* **What to produce**
Please copy exactly the line that contains "- Bezpečnost: Tříkolka" and every line after it through the end of the records, leaving the pictures out.

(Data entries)
┌──
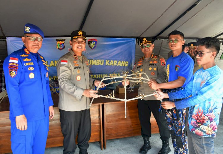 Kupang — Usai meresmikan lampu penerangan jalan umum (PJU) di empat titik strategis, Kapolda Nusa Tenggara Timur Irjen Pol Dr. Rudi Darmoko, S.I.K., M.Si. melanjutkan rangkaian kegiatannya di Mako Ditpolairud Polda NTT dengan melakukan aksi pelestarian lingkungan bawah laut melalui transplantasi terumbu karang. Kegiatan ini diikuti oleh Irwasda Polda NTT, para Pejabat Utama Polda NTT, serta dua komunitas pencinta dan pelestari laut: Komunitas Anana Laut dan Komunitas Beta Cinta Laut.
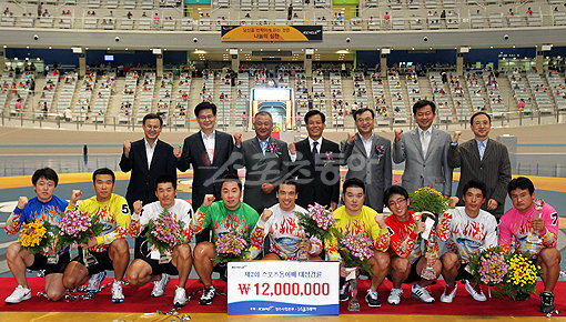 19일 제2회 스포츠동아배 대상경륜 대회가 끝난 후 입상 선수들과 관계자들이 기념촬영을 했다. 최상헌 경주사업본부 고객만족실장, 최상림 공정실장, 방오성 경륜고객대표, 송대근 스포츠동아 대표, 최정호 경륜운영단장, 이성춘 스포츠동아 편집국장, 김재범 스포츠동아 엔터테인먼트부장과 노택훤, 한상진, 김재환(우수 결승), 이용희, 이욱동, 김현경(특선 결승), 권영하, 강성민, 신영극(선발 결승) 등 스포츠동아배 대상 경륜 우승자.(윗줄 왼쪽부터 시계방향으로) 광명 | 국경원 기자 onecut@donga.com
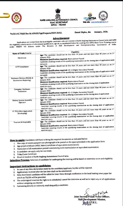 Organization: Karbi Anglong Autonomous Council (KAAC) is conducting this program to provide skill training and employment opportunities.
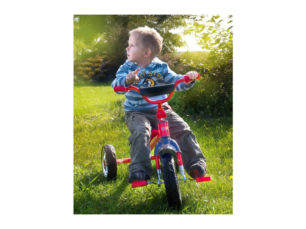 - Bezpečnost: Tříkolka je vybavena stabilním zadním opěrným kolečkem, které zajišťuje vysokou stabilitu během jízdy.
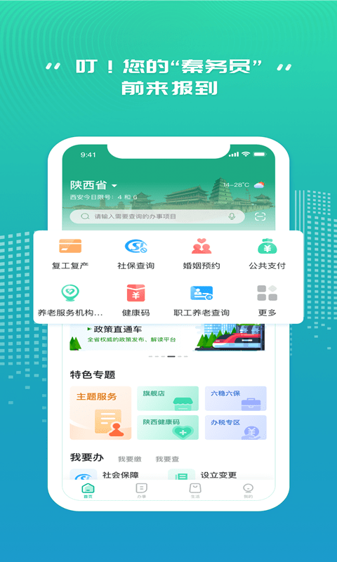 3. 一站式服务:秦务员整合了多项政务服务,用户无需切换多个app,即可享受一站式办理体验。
└──
* **Response to this exercise**
 - Bezpečnost: Tříkolka je vybavena stabilním zadním opěrným kolečkem, které zajišťuje vysokou stabilitu během jízdy.
 3. 一站式服务:秦务员整合了多项政务服务,用户无需切换多个app,即可享受一站式办理体验。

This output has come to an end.